World

Trump, NATO and the defence of Europe

The continent may have more to fear from American foreign policy than from Russian

November 09, 2016
Supporters cheer as they wait for President-elect Donald Trump to give his acceptance speech ©Mary Altaffer/AP/Press Association Images
Supporters cheer as they wait for President-elect Donald Trump to give his acceptance speech ©Mary Altaffer/AP/Press Association Images

Had Hillary Clinton become the 45th president of The United States of America, it would all have been so simple. She would have been a president who had been part of the institutional furniture for 30 years who was never knowingly caught without a policy—on anything—and would have slipped easily into the established assumptions of global strategic calculus. But she didn’t, and now we’re in uncharted territory.

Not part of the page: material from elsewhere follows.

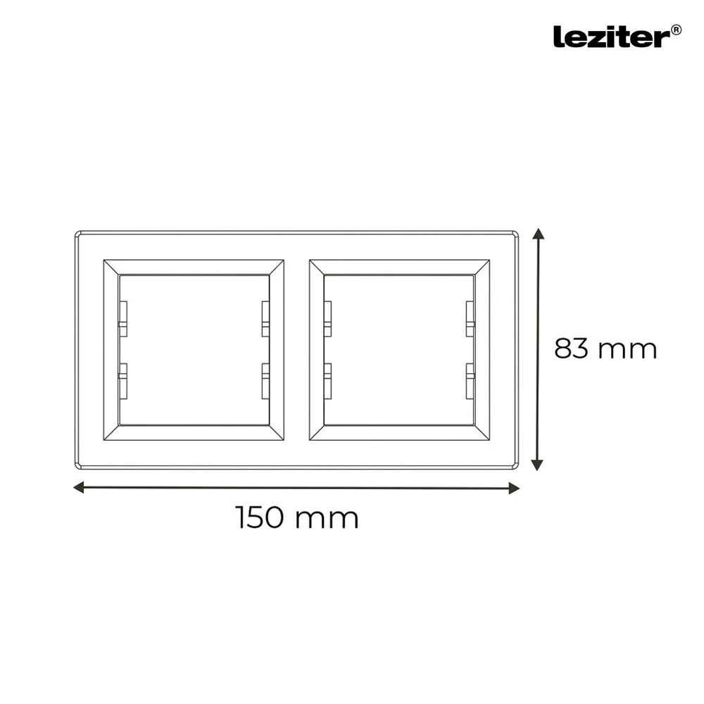 Ramka Leziter Nova 2 została zaprojektowana do estetycznego i stabilnego montażu na ścianie dwóch modułów (np. włącznika lub gniazda), kompatybilnych z bezramkowymi modułami serii Nova. Poziomy układ 83 × 150 mm z zaokrąglonymi krawędziami i zagłębioną konstrukcją zapewnia czysty wygląd, odpowiedni do stosowania wyłącznie w suchych, bezpyłowych środowiskach wewnętrznych.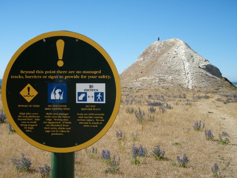 Varoituskyltti Kaikourassa neuvoo mm. olemaan häiritsemättä hylkeitä.

As Donald Rumsfeld would enjoin us to do, let’s look at the known knowns as we try to find our way. The first of those when we consider the defence of Europe is that we face a revanchist Russia in the middle of a programme to update both its conventional and nuclear military inventories. A Russia, moreover, that has annexed The Crimea, intervened in Syria and de-stabilised Ukraine.

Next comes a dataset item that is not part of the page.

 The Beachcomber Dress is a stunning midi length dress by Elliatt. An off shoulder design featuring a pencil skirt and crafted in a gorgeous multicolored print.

Yet closer examination reveals each of these to be precisely calibrated adventures designed to test western—essentially American—resolve but not to provoke a response. The annexation of The Crimea was a return to the territorial status quo ante and wrapped in a cloak of consensual politics. In Syria, the Russians have applied just enough force to make a difference but not enough to imply any enduring commitment. However, it is in Ukraine that we see the most instructive insights. Russia has avoided conventional confrontation and shown remarkable invention in coming up with what has now entered the lexicon as hybrid warfare. Unattributable operations conducted by ubiquitous “little green men” wearing neither rank nor insignia, backed by cyber attacks against infrastructure and a shrill media campaign have combined to disorient legitimate government but not pose a direct military threat. There is a temptation to see Russian actions as uncharacteristically subtle, but surely there is a simpler explanation: for all its stridency, it is an expression of weakness.

Quite simply, for as long as America offers a security guarantee to Europe, through the agency of NATO, Russia can huff and puff but it knows that its reduced economic circumstances means that it can never contemplate a conventional conflict that it could not sustain. For all its cleverness, hybrid warfare is a doctrine of the dispossessed and it could not prevail against the strategic certitude of American power.

So much for the known knowns—what about the known unknowns, foremost amongst which is Trump and foreign policy? We know that the President Elect dislikes freeloading foreigners and we also know—thanks to Gideon Rachman’s latest book: Easternisation—that in 2000 America accounted for about 50 per cent of NATO spending, a total that had risen to 70 per cent by 2012. So if the recurring Trump campaign themes of nationalism, protectionism and charity beginning at home are to find any expression in foreign policy then an obvious place to start would be in demanding that the decadent and complacent Europeans stump up for their own defence, or face the consequences.

In many ways the US constitution is designed for Trump. The checks and balances to executive power were designed to limit monarchical excess and may face their greatest test during his incumbency. But as it stands today, Europe may have more to fear from American foreign policy than from Russian, and we haven’t even got on to the unknown unknowns yet.